Their order of battle, static, is based on areas, subdivided into sectors, which are again subdivided into sub-sectors. The basic unit when under Army command is different from that used in civil operations. There the Gruppe of 25 or 30 men is the unit, while under the Army, the basic unit is the construction gang of about 100 men. When mobile, the organization is similar, but with different names. In this case the area is called the Operation Staff (Einsatzstab) and is normally under the command of Army Group Headquarters.

Affiliated Service Organizations

(1) Bautruppen (Construction Troops)

To deal with the enormous number of engineering problems that confront a modern army, the German Army has resorted to three principal groups: first-line pioneer troops; second-line engineer troops, the so-called Bautruppen, organized on a battalion basis, and the O.T. units.

As we have seen, the O.T. units are semi-military in organization, and normally the farthest removed from the front. The regular pioneer troops are absorbed in front-line tasks. In between them and the O.T. are the Bautruppen, definitely military in character, but reserved for such tasks as bridge construction (Brückenbaubataillone) of a more permanent kind, road building, railway (Eisenbahnbaubataillone), and fortification works (Festungsbaubataillone). These troops had their prototype in the First World War, when the regular pioneer troops proved insufficient in number to handle all the repair jobs. At that time private construction firms were called upon to furnish technical personnel and skilled workers, who were organized into special mobile units for emergency construction work.

The principal periods of usefulness of the Bautruppen were the May 1940 campaign and the opening months of the Eastern Campaign. Since late 1941 the original Bautruppen personnel has been increasingly absorbed into front-line duty and the O.T. has had to take over much of the more permanent construction and repair work originally assigned to the Bautruppen.

(2) NSKK

The NSKK (Nazionalsozialistisches Kraftfahrkorps - Nazi Motor Corps) provides the drivers and trucks for the O.T. In organization it is similar to the O.T., but has less independence, its units being normally subordinated to units of the O.T.

(3) TNH

The TNH (Technische Nothilfe - Technical Emergency Corps) also works in closely with the O.T. It is however, a more skilled organization consisting for the most part of specialists in such matters as oil wells, hydro-electric plants, etc. The TNH will normally draw any manual labor it may need from the O.T.

Civilian Firms

The O.T. can and often does control civilian firms. Sometimes the whole firm is put to work, at others only the equipment is hired. Many civilian contractors worked for the O.T. during the building of the Westwall, and French firms are known to be working on the Atlantic defenses at present.

Uniform and Pay

(a) Uniform: Originally only the German members of the O.T. wore a uniform, consisting of a khaki tunic, open at the throat. On the sleeve is a red brassard with a black swastika in a circle on a white background. About three inches above the left cuff is a narrow band with the words Org. Todt in white Gothic lettering. The belt is black with a plain buckle. Army boots are worn. Foreign workers normally wear civilian clothes with a grey brassard on which is stitched the unit or squad number. It appears, however, the foreigners who are willing are now being put into uniform and that they receive higher pay in consequence. If in uniform, foreigners wear distinguishing piping, showing their nationality, on their shoulder straps.

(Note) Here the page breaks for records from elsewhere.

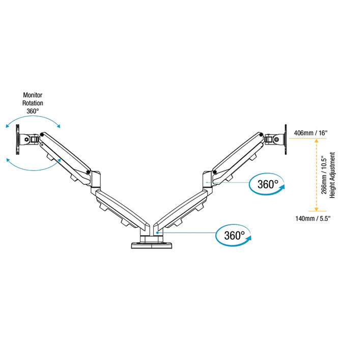 dvije metalne ruke s podesivom visinom,drži monitore svaki do 8 kg Pakiranje: 1
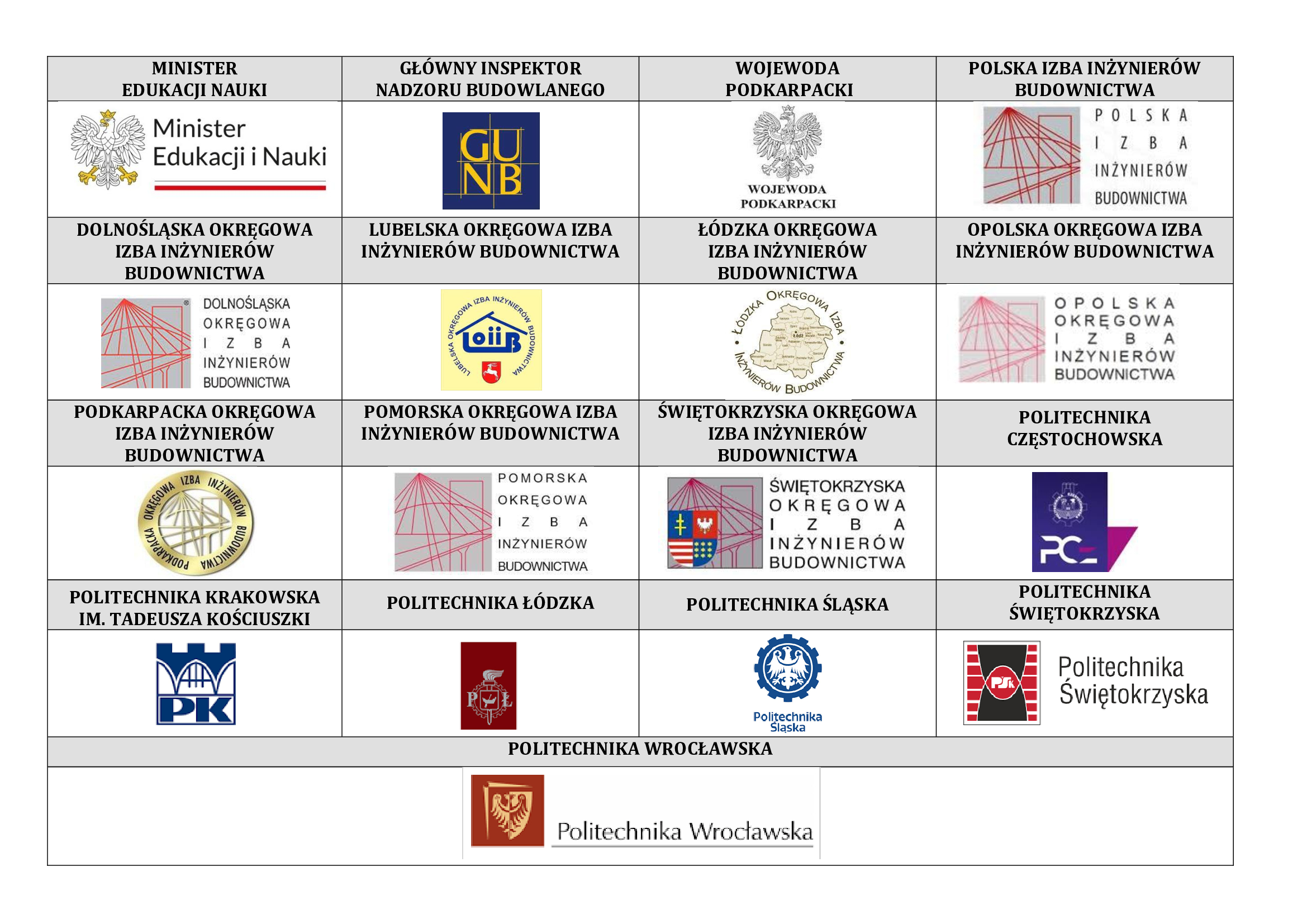 Aktualnie patronat honorowy nad olimpiadą objęło 17 podmiotów: Minister Edukacji i Nauki, Główny Inspektor Nadzoru Budowlanego, Wojewoda Podkarpacki, Polska Izba Inżynierów Budownictwa oraz izby okręgowe: Dolnośląska, Lubelska, Łódzka, Opolska, Podkarpacka, Pomorska, Świętokrzyska oraz Politechniki: Częstochowska, Łódzka, Krakowska, Śląska, Świętokrzyska i Wrocławska.
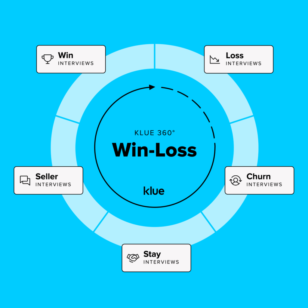 With Klue’s 360° Win-Loss, you can gather intel from win, loss, stay, churn, and seller interviews across three different types of research to give you a complete view of your buyer.
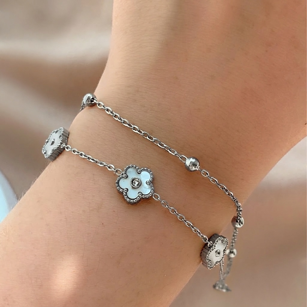 PULSEIRA CORRENTE DUPLA BOLINHAS E FLORZINHAS AÇO 316L⭐️

(b) Pay: Previously, pay in the O.T. varied greatly. It has recently been reorganized, and it is now believed that all full time German employees receive soldier's pay plus bonuses and that an allowance is paid direct to their families. Foreigners usually receive a small wage.

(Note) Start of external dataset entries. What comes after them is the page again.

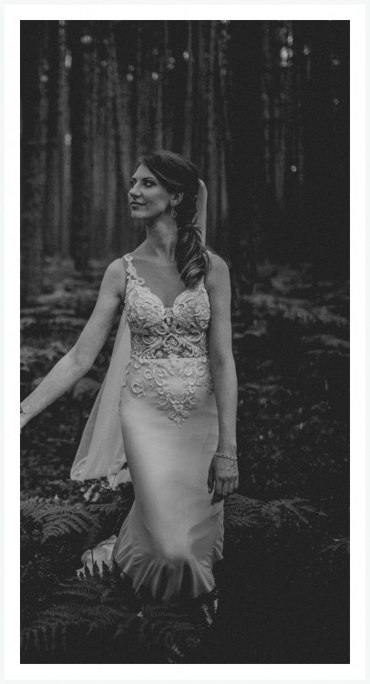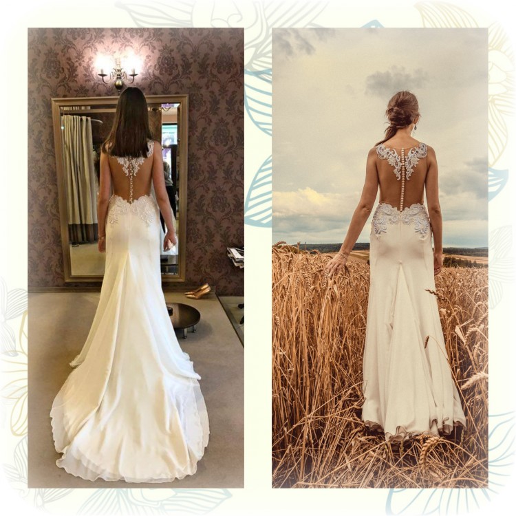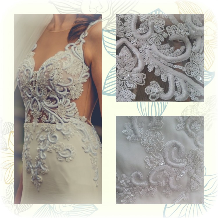 Suknia w kolorze delikatnie kremowej bieli- IVORY. Fason syrenka idealnie podkreśla wszystkie atuty kobiecej sylwetki. Góra sukni wykonana jest z przepięknej, grubej, trójwymiarowej koronki, która robi niesamowite wrażenie na żywo (niestety zdjęcia nie oddają w pełni jej uroku). Koronkowe aplikacje wykończone są delikatnymi cekinami oraz perełkami, które skrzą się w świetle podczas ruchu. Dół z wykonany z muślinu (łącznie 4 warstwy) z trenem, który dodaje sukni hollywoodzkiego szyku. Tren składa się z dwóch warstw muślinu (zdecydowałam o usunięciu dodatkowych dwóch warstw) dzięki czemu po podpięciu bardzo ładnie się układa i nie jest ciężki. Suknia jest lekka i zwiewna, mimo dopasowanego fasonu jest bardzo wygodna i nie krępuje ruchów.
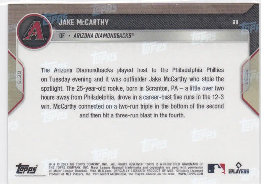 2022 TOPPS NOW #811 JAKE MCCARTHY- ARIZONA DIAMONBACKS
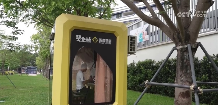 總臺央視記者 喬亞美:在深圳的街頭,我們發(fā)現了一些像我身后這樣的小型智能琴房,我們了解到,像這樣的智能琴房只需要通過小程序或者手機掃碼提前預約就可以免費使用了,我已經提前預約了這會兒的時間,我們一起去體驗一下。

The O.T. contributes a great deal to the German war effort. That the army can spare so many trained engineers to a para-military organization is explained by the fact that the O.T. does carry a great deal of the work which would otherwise be the responsibility of the army engineers. That the O.T. is now stretched to a surprising degree, and the fact that it is capable of doing so much and such valuable work at such great distances from Germany is yet another proof of the genius for organization of the Germans.